Parsing multiple log files with python script - How to?

Question

Im using a python script to import log files in to Piwik and I can successfully parse one log file at a time, but how do I do it for all of the log files in a directory?

From the readme the usage of the script is:

import_logs.py [options] log_file [ log_file [...] ]

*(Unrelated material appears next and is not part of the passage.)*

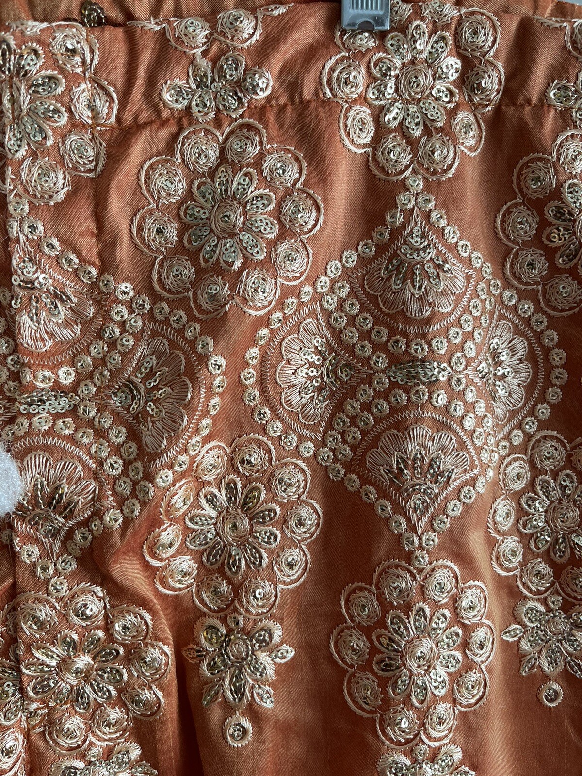 Indian Pakistani Top Pant Formal Wear Orange Gold Sequins Embroidered Floral EUC

So if I had log files u_ex120101.log to u_ex120701.log how could I run it once to do all of those files? I'm sure the answer is staring me in the face but I know basically nothing about python.

Thanks.

jdi · Answer 1 · 2012-07-04T03:10:42.300

1

What about just calling the script with a shell wildcard?

cd logs/
import_logs.py u_*.log

*Note: This does not work for windows though. Windows shell will not expand the wildcard. The receiving program must do it (i.e., import_logs.py)

Solution for windows: Use cygwin, powershell or another *nix-like shell replacement.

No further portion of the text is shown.